TIRx Basics: CUDA C++/PTX native level

Note

Native-level kernel authoring for the CUDA backend (the "cuda" target): the thread hierarchy, memory scopes, the T.cuda.* / T.ptx.* intrinsics, and the compile / run / inspect loop. The complete kernels in these chapters (scale, add, smem_demo, block_sum, and the warp all-reduce) are tested end-to-end on a CUDA GPU.

What “native level” means

A native-level TIRx kernel reads like a structured device kernel: you place threads yourself, allocate shared/register buffers, write loops and barriers, and call device intrinsics directly. There is no automatic scheduling — what you write is what is emitted.
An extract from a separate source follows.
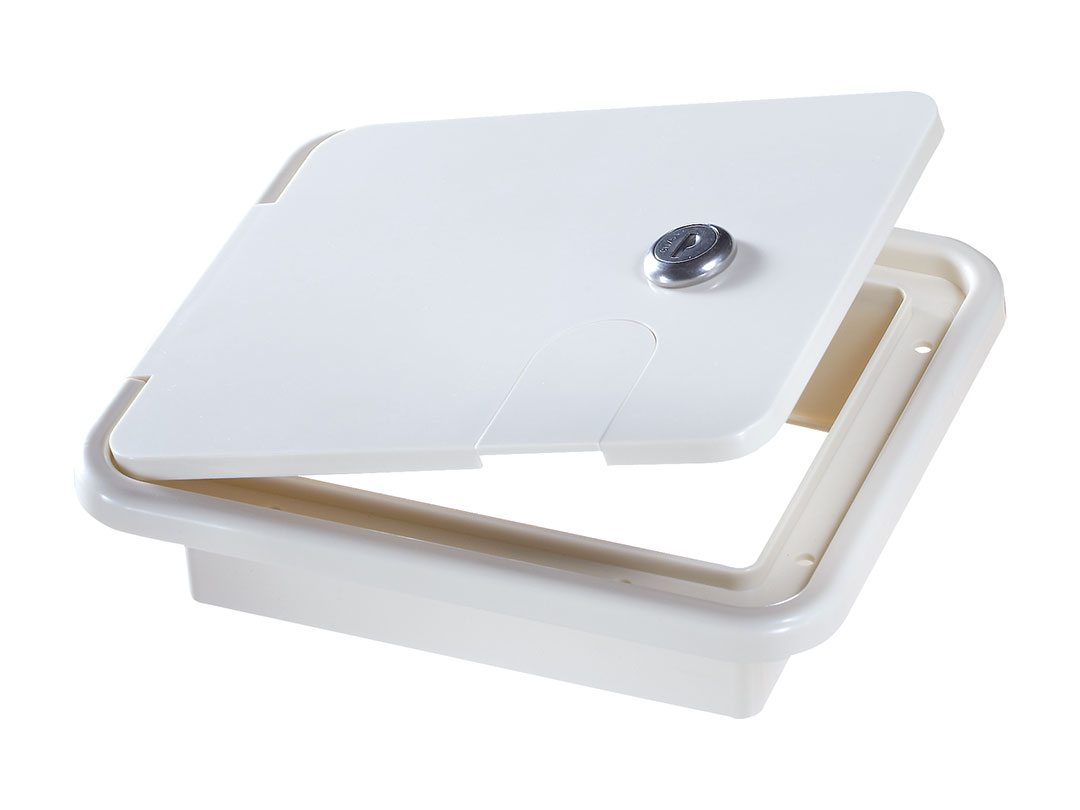Locking Cable Hatch, Rectangular, Polar White — 7.6″ x 6.5″ x 2″. Fits up to 50 Amp cord. Easy installation — same hole location and footprint as original equipment. 1 per pack.

This is the foundation the tile primitives (Tile Primitives) are built on; everything here is what those primitives ultimately lower to, so it is also where you go when a hardware feature does not have a primitive yet.

The authoring model

  • @T.prim_func (or @T.jit for compile-time-specialized) kernels, written with from tvm.script import tirx as T;

  • T.device_entry() plus scope-id intrinsics for thread binding;

  • T.match_buffer parameters and T.alloc_* scratch buffers;

  • ordinary loops, branches, and scalar math;

  • tvm.compile(mod, target=..., tir_pipeline="tirx") to build, then call the result directly.

All native authoring uses these imports. The __future__ import lets @T.jit kernels reference compile-time parameters inside type annotations (see Defining a function); it is harmless for ordinary kernels:

from __future__ import annotations
import tvm
from tvm.script import tirx as T